Sidebar: How a server might not know some of its host keys

The short version is re-provisioning servers. If you generate or record a server's host key of a given type, you need to also make sure that the server is (re-)provisioned with that key when it gets set up. If you miss a key type, you'll wind up with the server generating and presenting a new key of that type. This has happened to us every so often; for example, we missed properly re-provisioning ed25519 keys on Ubuntu 14.04 machines for a while.
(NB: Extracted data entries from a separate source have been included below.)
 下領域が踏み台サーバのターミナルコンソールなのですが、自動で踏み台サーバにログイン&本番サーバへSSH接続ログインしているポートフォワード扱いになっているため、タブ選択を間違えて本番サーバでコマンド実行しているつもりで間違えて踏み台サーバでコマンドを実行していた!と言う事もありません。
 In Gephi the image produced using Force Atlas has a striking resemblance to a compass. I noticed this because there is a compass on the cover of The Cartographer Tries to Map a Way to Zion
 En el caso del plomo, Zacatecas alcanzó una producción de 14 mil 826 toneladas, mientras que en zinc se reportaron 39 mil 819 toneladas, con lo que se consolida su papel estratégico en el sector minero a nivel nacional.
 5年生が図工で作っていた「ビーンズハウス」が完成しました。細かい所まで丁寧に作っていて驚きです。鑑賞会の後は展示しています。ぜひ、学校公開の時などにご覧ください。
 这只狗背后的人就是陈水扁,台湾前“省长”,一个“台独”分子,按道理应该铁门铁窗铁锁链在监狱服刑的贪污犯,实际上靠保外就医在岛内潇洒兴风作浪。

tech/SSHHostKeyVerificationNotes written at 23:38:02; Add Comment

My new Linux office workstation for fall 2017

My past two generations of office Linux desktops have been identical to my home machines, and when I wrote up my planned new home machine I expected that to be the case for my next work machine as well (we have some spare money and my work machine is six years old, so replacing it was always in the plans). It turns out that this is not going to be the case this time around; to my surprise and for reasons beyond the scope of this entry, my next office machine is going to be AMD Ryzen based.

(It turns out that I was wrong on how long it's been since I used AMD CPUs. My current desktop is Intel, but my previous 2006-era desktop was AMD based.)
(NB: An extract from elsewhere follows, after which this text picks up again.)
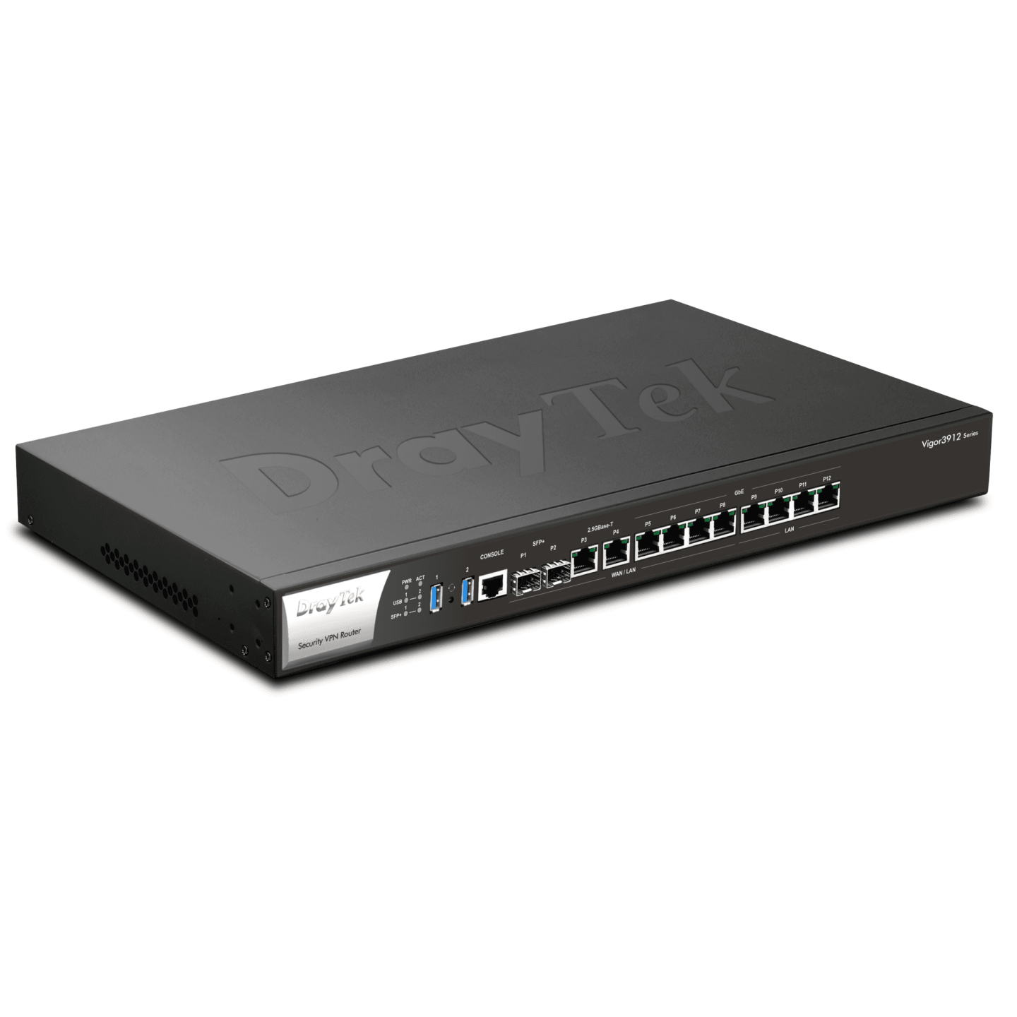 The DrayTek Vigor 3912 series is a premium next generation multi-WAN router making it ideal for your most demanding and complex networks. The Vigor 3912S model has a 256GB SSD, enabling you to install Docker-compatible applications such as the VigorConnect management platform, or the Suricata Intrusion Detection System (IDS).Featuring 12 LAN and WAN interfaces in total, 4 dedicated LAN ports and 8 switchable ports that can operate as LAN or WAN ports to fit your network requirements.With up to 12Gb/s of NAT & Firewall throughput, the Vigor 3912S is suitable for the most demanding and bandwidth intensive SME applications. Each of the WAN ports on the Vigor 3912S can be grouped together to provide Load Balancing or operate as Failover or Backup WAN connections.Based on the familiar DrayOS platform, the Vigor 3912S combines high performance and capacity with DrayTek's traditional ease of use and comprehensive feature set.For multi-tenant or departmental flexibility, the Vigor 3912 series will support multiple LAN IP subnets, together with VLAN capabilities and user management, providing access to WAN resources only to the appropriate users or departments, as well as maintaining infrastructure efficiency.

The definitive parts list for this machine is as follows. Much of it is based on my planned new home machine, but obviously the switch from Intel to AMD required some other changes, some of which are irritating ones.

AMD Ryzen 1800X
Even though we're not going to overclock it, this is still the best Ryzen CPU. I figure that I can live with the 95W TDP and the cooling it requires, since that's what my current desktop has (and this time I'm getting a better CPU cooler than the stock Intel one, so it should run both cooler and quieter).

ASUS Prime X370-Pro motherboard
We recently got another Ryzen-based machine with this motherboard and it seems fine (as a CPU/GPU compute server). The motherboard has a decent assortment of SATA ports, USB, and so on, and really there's not much to say about it. I also looked at the slightly less expensive X370-A, but the X370-Pro has more than enough improvements to strongly prefer it (including two more SATA ports and onboard Intel-based networking instead of Realtek-based).

It does come with built in colourful LED lighting, which looks a bit odd in the machine in our server room. I'll live with it.

(This motherboard is mostly an improvement on the Intel version since it has more SATA ports, although I believe it has one less M.2 NVME port. But with two x16 PCIE slots, you can fix that with an add-on card.)

2x16 GB DDR4-2400 Kingston ECC ValueRAM
Two DIMMs is what you want on Ryzens today. We're using ECC RAM basically because we can; it's available and is only a bit more expensive than non-ECC RAM, runs fast enough, and is supported to at least some degree by the motherboard. We don't know if it will correct any errors, but probably it will.

(You can't get single-rank 16GB DIMMs, so that this ECC RAM is double-rank is not a drawback.)

The RAM speed issues with Ryzen is one of the irritations of building this machine around an AMD CPU instead of an Intel one. It may never be upgraded to 64 GB RAM over its lifetime (which will probably be at least five years).

Noctua NH-U12-SE-AM4 CPU cooler
We need some cooler for the Ryzen 1800X (since it doesn't come with one). These are well reviewed as both effective and quiet, and the first Ryzen machine we got has a Noctua cooler as well (although a different one).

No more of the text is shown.